Enter the client with the will to resist the hourly billing regime. On August 2, the WSJ‘s “Pricing Tactic Spooks Lawyers” describes clients countering high big law fees with on line reverse auctions that pit firms against each other in bidding for business. The result: cost reduction.

But economizing can be dangerous. An article in the next day’s WSJ should make every big firm attorney squirm. “Objection! Lawsuit Slams Temp Lawyers” reports that J-M Manufacturing is suing its former law firm, McDermott, Will & Emery LLP, claiming that the firm didn’t supervise adequately the work of contract attorneys from a third-party vendor.

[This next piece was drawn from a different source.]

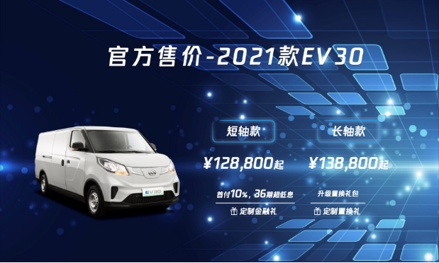 4月27日,2021款上汽大通MAXUS EV30正式上市,短軸款12.88萬元起、長軸款13.88萬元起,新車將以多重無憂品質,為用戶致富之路保駕護航。此外,上汽大通還為用戶帶來多重購車禮遇,包含定制金融禮(首付10%,36期超低息)、定制置換禮(定制升級置換禮包),超值的購車福利讓輕客更加“觸手可及”。
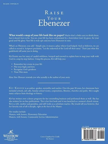 What would a map of your life look like on paper? Maybe that's a little scary to think about, but it doesn't have to be. You see, your life has been orchestrated by a benevolent God, by grace, for your good and His glory. Your life is truly epic and you have Ebenezers to raise. What's an Ebenezer, you ask? Simply put, it means a place where God helped. And as believers, we are called to record it. Scripture proclaims, "Let the redeemed of the Lord tell their story." That's just what this guidebook will assist you in doing. Kit Kenzie uses her story of candid sinfulness, betrayal and renewal to explain how to map your walk with God in a step-by-step fashion. Using this process, Kit will help you: ¿ Remember key events in your life ¿ Plot your highs and lows ¿ Recognize God's goodness ¿ Trust Him more Raise Your Ebenezer reminds you who actually is the author of your story.

McDermott denies wrongdoing:

“J-M…keeps changing its story. Now [it]…claims that McDermott failed to supervise the contract lawyers that J-M retained….”

According to the article, J-M alleges that it paid McDermott attorneys rates as high as $925 an hour, compared to $61 an hour to the firm supplying the temps. In other words and regardless of who retained them, using contract lawyers helped shave J-M’s outside legal bills.

Here’s the common thread. In the first article, Boies just says what everyone knows: the billable hour regime is a nightmare. The second reflects ongoing client efforts to reduce resulting legal costs. The third identifies a potential peril for law firms that attempt to oblige: a malpractice suit — the ultimate conflict with a client.

I don’t know if McDermott did anything wrong, but clients should realize that putting the squeeze on outside lawyers is tricky. For example, cutting fees is one thing; expecting large firm equity partners to do the obvious — reduce their own stunning income levels to help the cause — is something else, and it isn’t happening.

Amid corporate belt-tightening that targeted outside legal costs, average equity partner profits for the Am Law 100 actually rose during the last two years. They’re now back to pre-Great Recession levels of $1.4 million a year and it’s a safe bet that next year’s profits will be even higher. If I were a client, I’d ask, “How did that happen?”

“It’s the successful model at work,” most firm leaders would say without reflection or hesitation. “Growing equity partner earnings are essential to retain and attract top talent. Firms have become more efficient, so it’s a win-win for clients and partners.”

Clients should consider the untoward implications of austerity measures that don’t dent equity partners’ pocketbooks. Increased efficiency? Operating with fewer secretaries and putting locks on supply room cabinets don’t account for the extraordinary profits wave that big law continues to ride.

Here’s another explanation. The prevailing model requires increases in billable hours — big law’s distorted definition of productivity — to offset fee reductions that clients demand. Concerned about attorney fatigue that compromises morale and work product? Too bad; the model ignores it.

Clients can and should seek lower big law fees, but they should be careful what they wish for, scrutinize what they get, and wonder why equity partners’ eye-popping profits keep growing along the way. The prevailing model rewards big law equity partners handsomely, but that doesn’t necessarily mean it’s working for their clients or anyone else.